On june 7, a single American B-52 bomber dropped anti-personnel cluster bombs on Serb-led Yugoslav soldiers massed near the Albania-Kosovo border. According to a NATO official quoted by the Washington Post, "There's no doubt that the Serbs suffered enormous casualties. They were absolutely pulverized."
Fewer than half the 800 to 1,200 Yugoslav soldiers were believed to have survived the raid.
The image of Yugoslav troops being ripped to shreds by American cluster bombs-and of the ethnic cleansing of Kosovar Albanians these troops helped commit-is, alas, a fitting ending to the bloody 20th century. As I make my way through the vast war literature of the last 85 years, the amount of destruction, carnage and death is breathtaking.

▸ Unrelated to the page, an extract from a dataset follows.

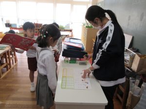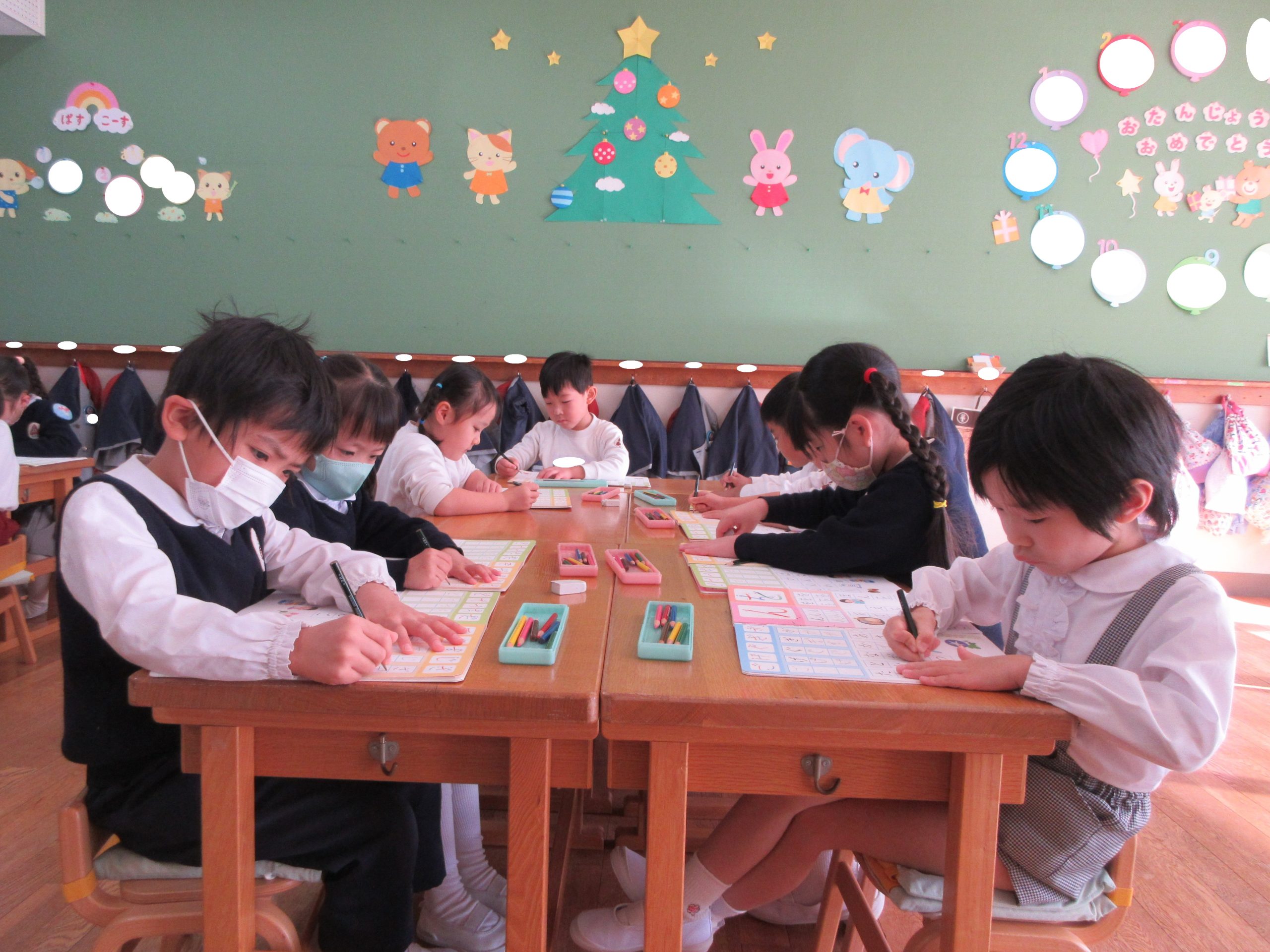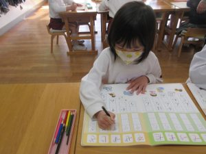 各クラスの11:40頃です。ゆり組は真剣に「かこう あいうえお」のワークブックを取り組んでいました。みんな頑張っていましたよ。さくら組は、ワークブックを終えて戸外遊びです。たんぽぽ組は、製作、戸外遊びを終えて並んでトイレに行きます。みなさんは何をしていましたか?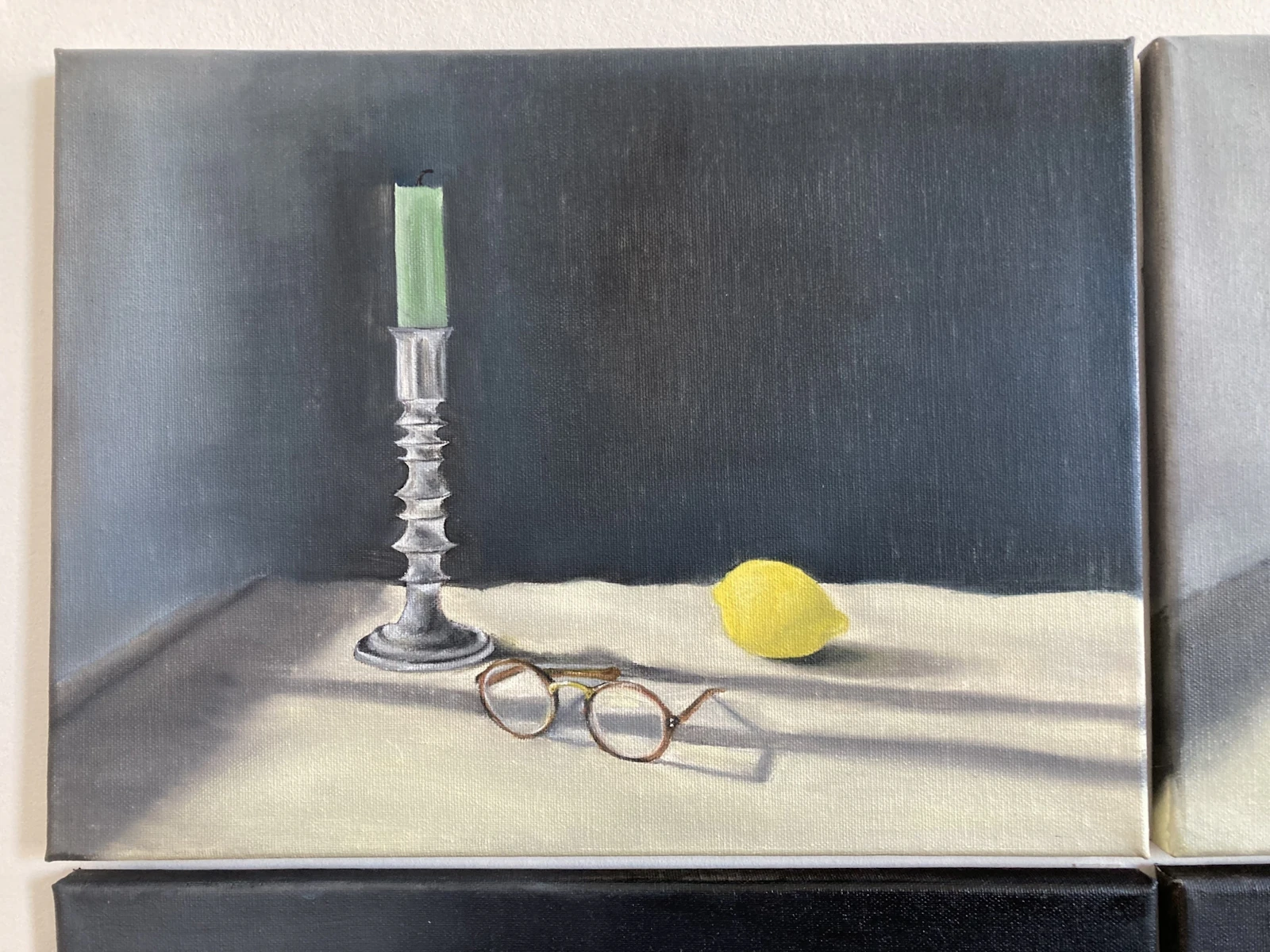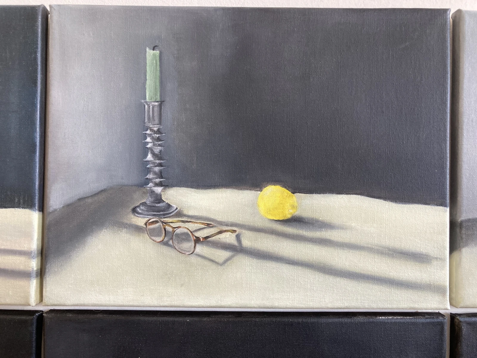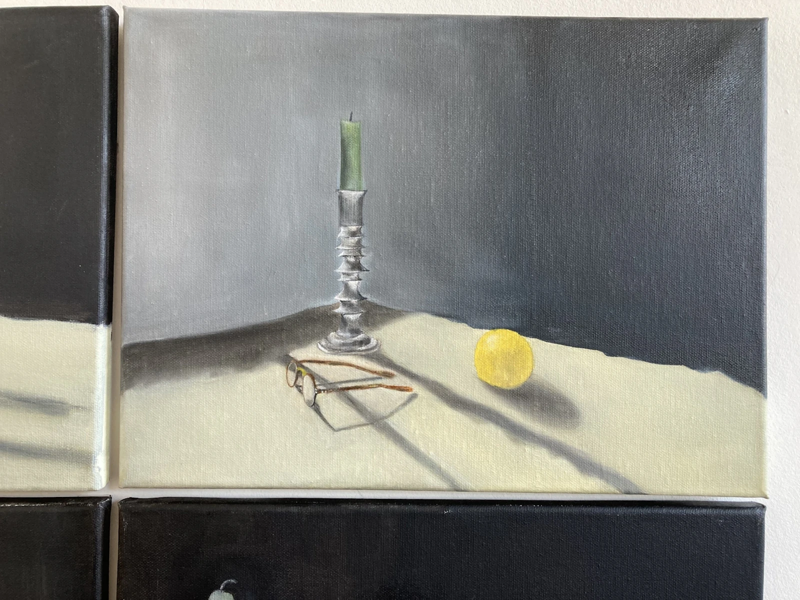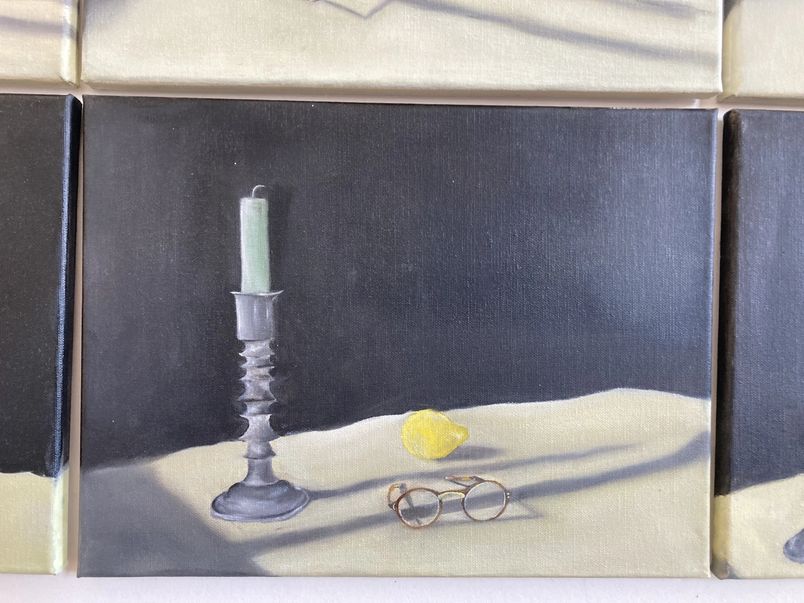 I began this piece by setting up a still life scene with my three symbols of the preservation of observation - lemons, candles and glasses. I took upwards of sixty photographs of the set-up from a multitude of angles. The next step was deciding how many, and which, photographs to select to be translated into paint. I was tasked with choosing a set of images which worked to form a depiction which, together, captures the multitudinal perspectives which form our engagement with a single moment. Unusually, I was not choosing each painting based on individual beauty and a balanced composition, but on the way in which six canvases worked together to form a whole.

The true meaning of war was impressed on me during a recent visit to Germany. A tour of the concentration camp at Dachau, near Munich, should have been enough. The open oven doors at the Dachau "krematorium" are a sight no visitor will ever forget.
While leaving a small church in the village of Westerham near the Bavarian Alps, I saw lists of names on either side of the entrance. On the left, the war dead of this farming community from World War I, "the Great War." To the right, the flower of Westerham killed in World War II, the vast majority on the Russian Front. "Russland . . . Russland. . . Russland . . ." the list went on.
It was sobering to realize such a small town had lost so many of its boys.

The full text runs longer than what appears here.